VOCACIONAL
Desde bien chiquitín, Julito cantaba que daba
gloria oírle. Ya en la cuna, acompasaba los berridos a su respiración, lo que
les dotaba de un volumen y duración acordes a sus demandas: no era lo mismo un
pañal un poco mojado que todo el pastelón de mierda desbordándose por el
elástico y resbalando por sus muslos hasta empapar las sábanas y el colchón. Ni
gritaba igual cuando no encontraba el chupete que cuando se cayó aquel día a la
calle desde el balcón.
De los cuatro hijos era al que más quería
Luciana.
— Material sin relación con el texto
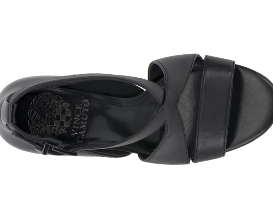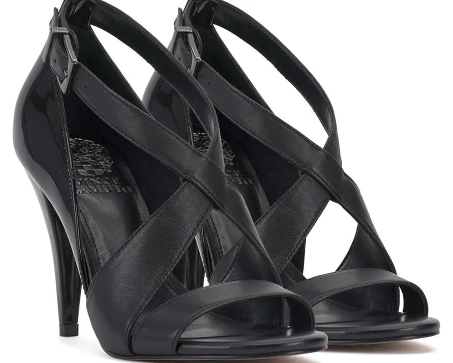 - Experience top-notch solace and look classy wearing Vince Camuto® Aleanna heels. It is designed with crossover vamp straps, stiletto heels, and an open round toe design. The adjustable ankle strap buckle offers you a custom fit.
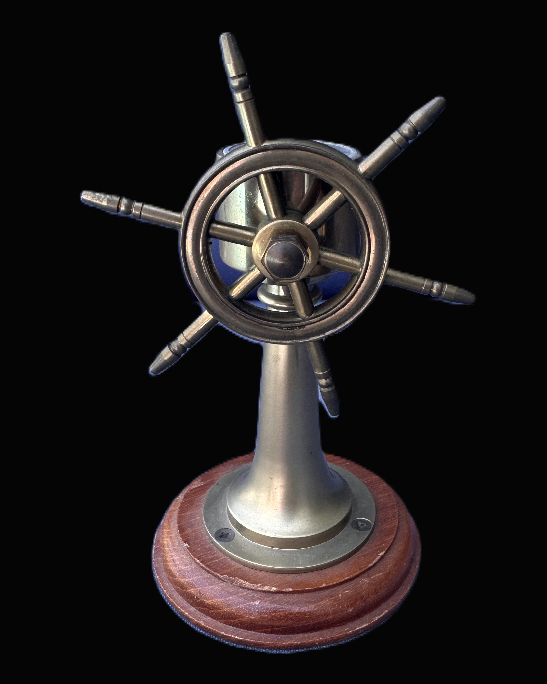 Brass and Wood Nautical Desk Compass with Ship’s Wheel Stand
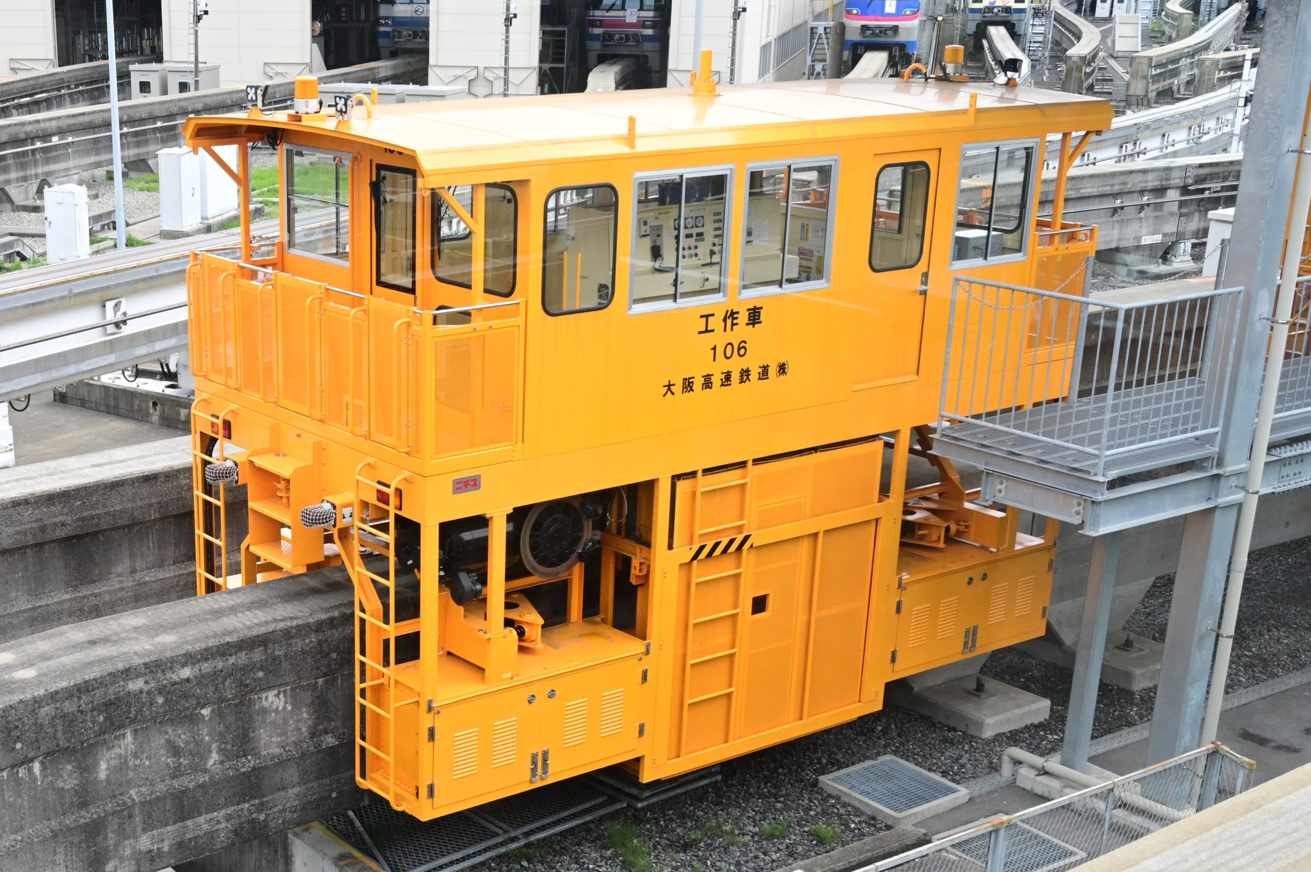 そこで、「大阪高速鉄道」と表記されるものを探しに出掛け、本社の入口にある社名表記と、万博車両基地に留置されている「工作車」を撮影しました。103号は柵の隙間から撮ったので画像を高倍率でトリミングしています。一方、106号の方は他の乗客から奇異の目で見られながら、車内から撮影しました。
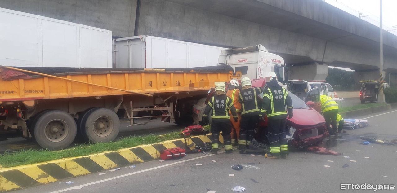 桃園市中壢區今(27日)下午發生一起嚴重車禍!一輛砂石車攔腰猛撞橫向穿越馬路的一輛轎車,車上4名男子,其中1人當場被甩飛車外,其餘3人則卡在變形的轎車中。警消獲報到場,立即出動破壞機具協助受困傷者脫困,但除了駕駛之外,其餘3人均已無生命跡象,緊急送醫搶救中。

Andaba siempre pegado a sus faldas, y como ella era mucho de entonar coplas
y rumbas mientras hacía la casa o despachaba en el colmado, pues el chiquillo
se aprendió todas las canciones. También las de la radio y los programas de
televisión.
Con todo, lo que mejor se le daba era la
zarzuela. «La voz masculina se clasifica en diferentes categorías» explicó una
tarde el maestro de escuela a Luciana mientras se recomponían a toda prisa en
el almacén, «la del niño es barítono tenor».
Por eso cuando el padre regresaba con el barco
después de faenar durante meses en altamar, Luciana obligaba a Julito a soplar
la flauta mientras alguno de los hermanos destrozaba un villancico por Navidad.